Just as St. Augustine officials struggle to define artisans from junk-a-thons in the Plaza, the definition of art is being argued at the federal level as well. An iconic photograph of President Obama in graphic reduction—his head recast in gray, black, white, and red—has become a visual debate between the Associated Press, who took the original photo, and the artist who re-rendered the image and sold “Hope” posters to the election campaign.
In the beginning, art was not sterilized into galleries, each piece to be viewed individually with little physical context. In the beginning, art was literally a written language, pictographs played out in Egyptian hieroglyphics and other visual communication systems. The question in this debate is to whether the “Hope” poster is significantly transformative from the photograph.

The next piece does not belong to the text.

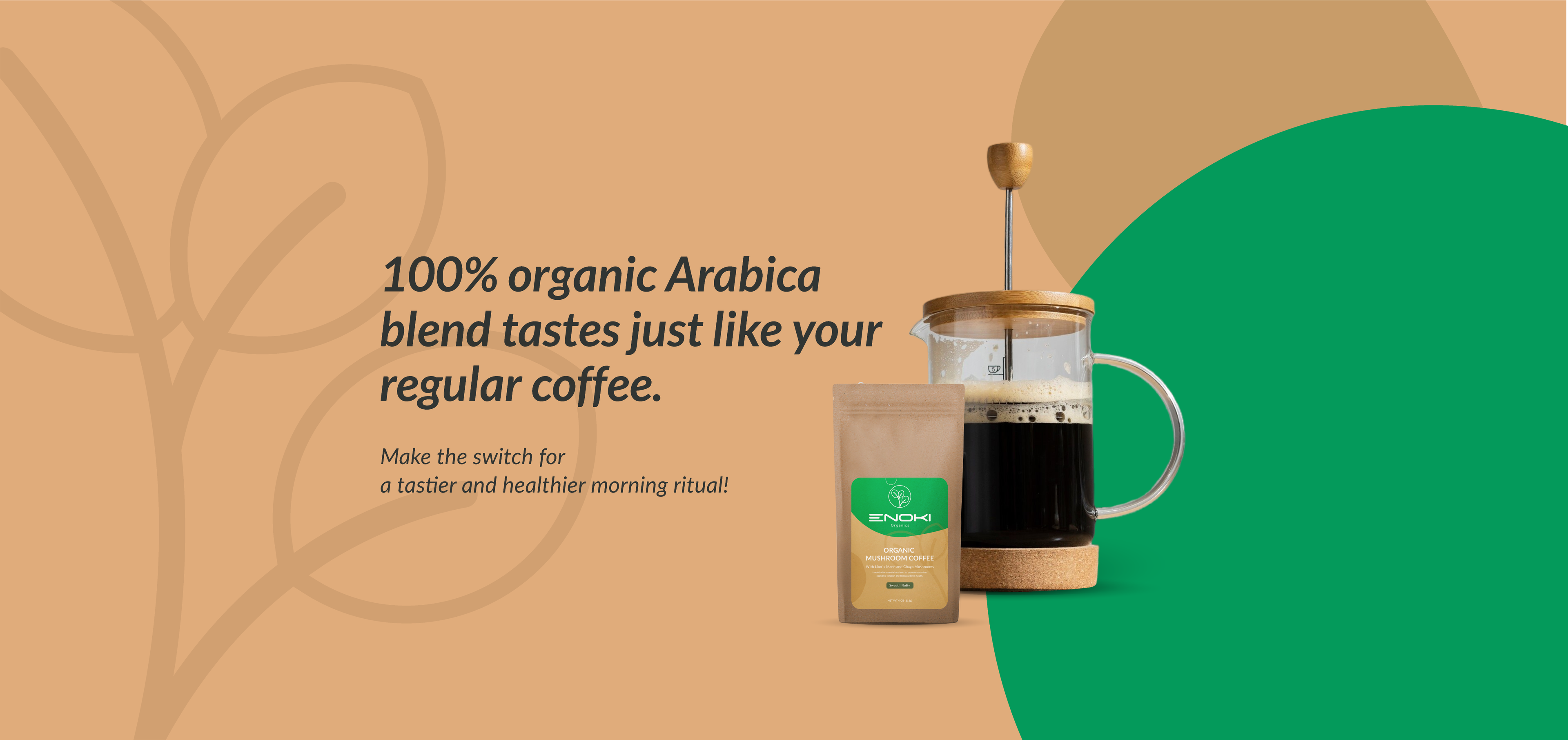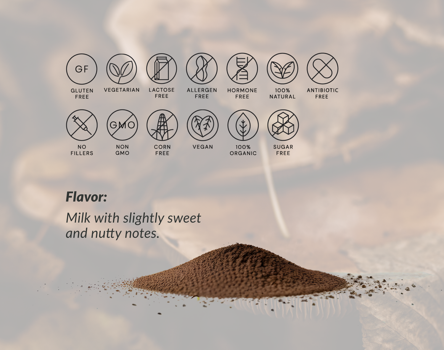 Ingredients: 90% USDA Organic Arabica Coffee, 5% USDA Organic Lion's Mane Mushroom Powder, 5% USDA Organic Chaga Mushroom Powder.

The hand-held camera has enjoyed a hundred years of amateur history in America, and now almost anybody with a cell phone can capture an image instantly, and just about as quickly broadcast it to the world. Not everyone runs around with a copyright tag hanging off every picture the way the Associated Press does, but we’re not professional photographers. It doesn’t take much training to use a cell phone.
If a horse can hold one or two riders, then a wagon certainly adds value to the horse in its passenger capacity, but in this case, it could be the surrey with the infringement on top.
If a picture says a
thousand words, why do we spend so much time typing?